Late in the day on Sunday, I turned on the TV and bopped around the house trying to pick up this and that (mostly to make it seem like I did a little weekend cleaning). The Red Carpet event for the Oscar’s was on, and the talented and lovely Naomi Watts was being peppered with the requisite questions. Somehow, it came up that she made herself a frittata earlier in the day because she knew it was going to be a long night.
It’s a coincidence that I decided to share this recipe for Sweet Potato and Arugula Frittata with Smoked Mozzarella, but it made me feel extra glamorous to know that Naomi and I were on the same wavelength as far as food goes! Wonder if she enjoyed a few scoops of Ben and Jerry’s for dessert, too? Yeah, I didn’t think so either.
This vegetarian frittata is a winner, not only because I was able to use up some leftovers, but because the mix of flavors work really well together: the touch of sweetness from the sweet potatoes, the peppery arugula, and the smoked mozzarella. They might seem like unlikely ingredients for a frittata, but that’s the beauty of this egg dish – pretty much anything goes. For a colorful springtime frittata, try my recipes for Asparagus and Asiago Frittata.
I don’t know if I’ll win an award for this recipe for Sweet Potato and Arugula Frittata with Smoked Mozzarella, but eating it made me feel a little like a movie star!

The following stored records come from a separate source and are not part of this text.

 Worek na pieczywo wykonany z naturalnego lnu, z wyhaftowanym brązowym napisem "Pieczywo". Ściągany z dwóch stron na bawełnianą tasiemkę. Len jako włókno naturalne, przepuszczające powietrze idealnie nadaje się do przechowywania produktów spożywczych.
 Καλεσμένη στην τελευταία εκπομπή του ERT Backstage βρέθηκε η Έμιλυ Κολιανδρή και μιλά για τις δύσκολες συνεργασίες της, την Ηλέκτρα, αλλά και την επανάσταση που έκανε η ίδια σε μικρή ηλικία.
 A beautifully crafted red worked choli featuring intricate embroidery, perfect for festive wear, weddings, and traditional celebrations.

Recipe for Sweet Potato and Arugula Frittata with Smoked Mozzarella
Serves 4
INGREDIENTS
- 1 tablespoon olive oil
- 3 tablespoons yellow onion, diced
- 2 garlic cloves, minced
- 1 cup shredded sweet potato
- 1/4 teaspoon salt
- 1/4 teaspoon ground black pepper
- 1-1/2 cups lightly packed arugula
- 6 eggs, lightly beaten
- 4 ounces smoked mozzarella, diced
- 1 tablespoon grated Parmesan cheese
INSTRUCTIONS
- Preheat the oven to 375 degrees F.
- Add the olive oil to an ovenproof skillet over medium heat. When hot, add the onion and cook for about 3 minutes or until it begins to soften. Add the garlic and cook for about 30 seconds.

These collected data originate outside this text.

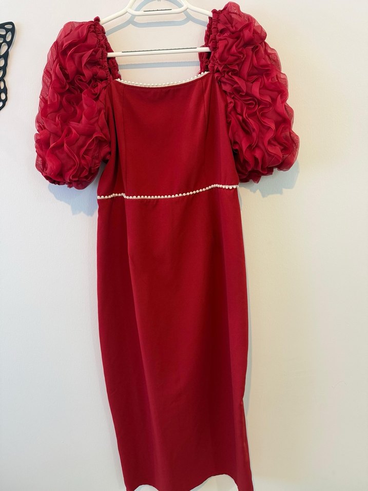 Bordo renkli, fırfırlı kabarık kollara sahip, straplez yakalı ve vücuda oturan kesim modern klasik abiye elbise. İşlemeli detaylarıyla düğün için uygundur. ✨ az kullanılmış tertemiz ürünüm güzel günlerde kullanın :)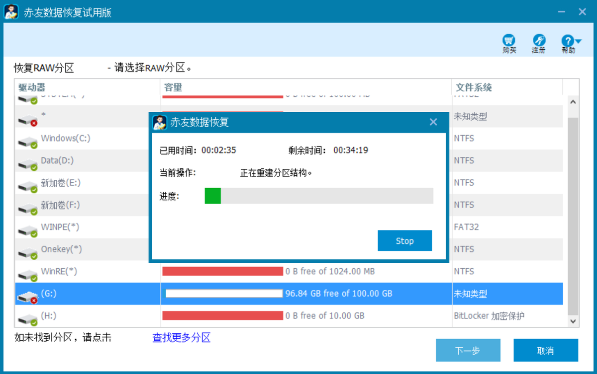 注:恢复RAW分区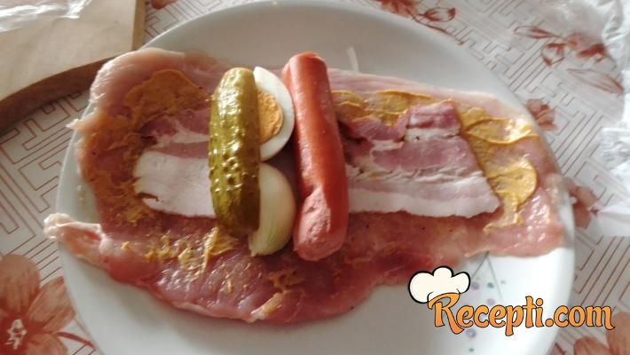 Šnicle izlupati posoliti pobiberiti i namazati senfom. Na svaku staviti po pola kobasice četvrtinu luka četvrtinu jaja i krastavčić. Uviti u rolat i pričvrstiti čačkslicom.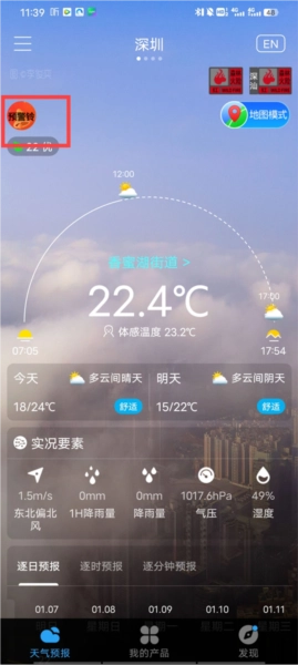 1、进入软件首页,我们可以看到详细天气信息,点击左上角的预警铃;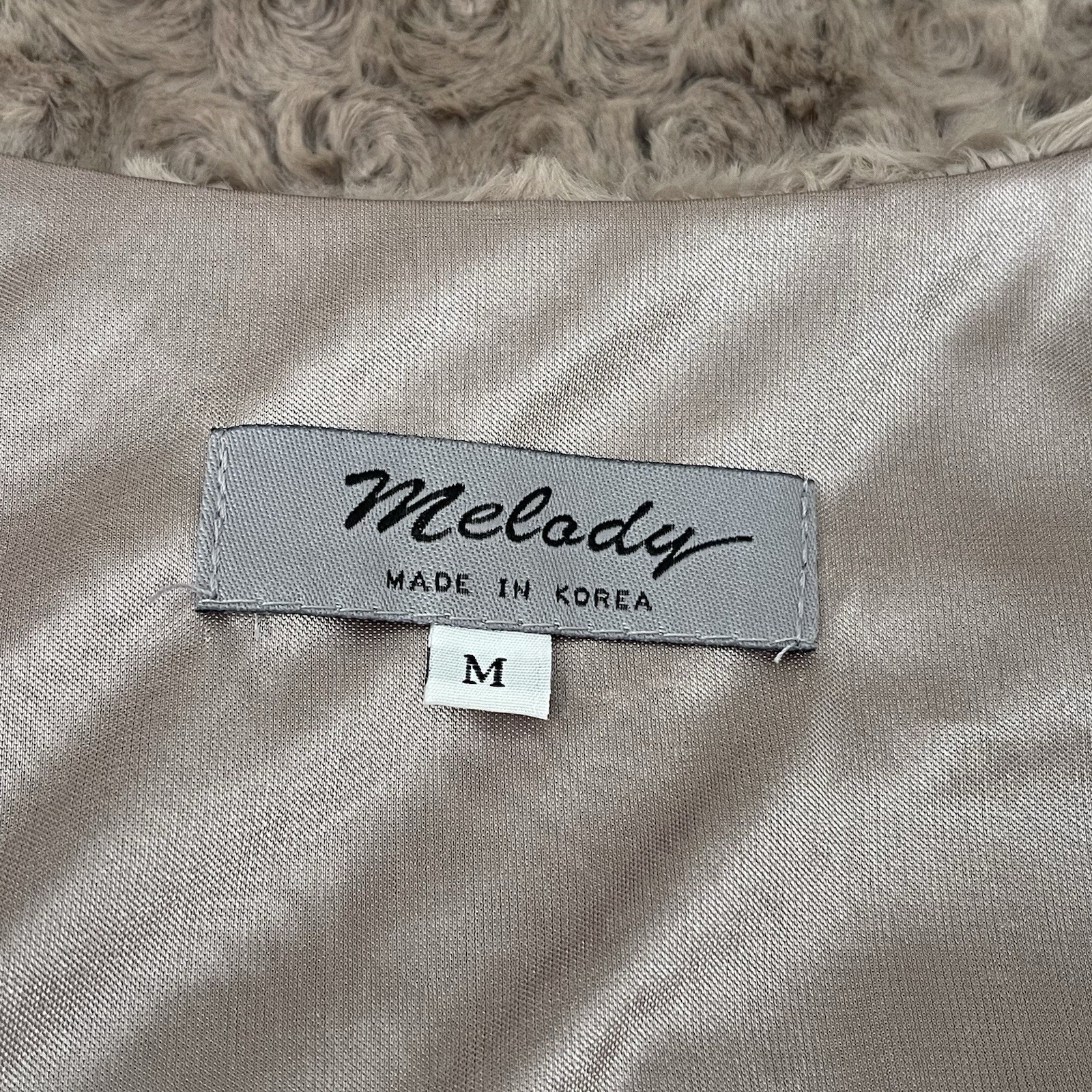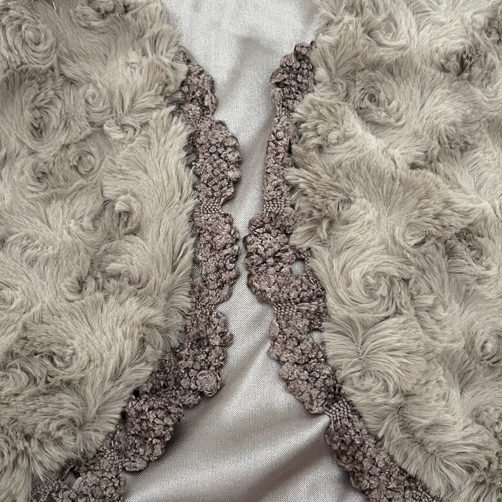 Faux Fur Cropped Bolero Vest Size M Mocha Taupe Rosette Satin Open Boho Fall NWT

- Add the sweet potato to the skillet and cook, stirring occasionally, for 3-4 minutes. Add the arugula to the skillet and stir, just until wilted.

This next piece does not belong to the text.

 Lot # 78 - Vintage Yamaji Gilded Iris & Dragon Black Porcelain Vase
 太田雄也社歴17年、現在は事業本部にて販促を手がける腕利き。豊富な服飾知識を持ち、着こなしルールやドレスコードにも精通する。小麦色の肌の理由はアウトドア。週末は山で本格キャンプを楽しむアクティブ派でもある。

- Pour in the egg mixture and mix lightly to distribute it. Add the cheese, lightly mix, and cook on the stovetop for a few minutes.
- Transfer the skillet to the oven and cook for 10-12 minutes, or until the frittata has set.
- Carefully remove from the oven and sprinkle with the Parmesan cheese. Use a rubber spatula to run around the edges and underside of the frittata, and slide it onto a round serving plate.
- Cut into equal slices and serve warm.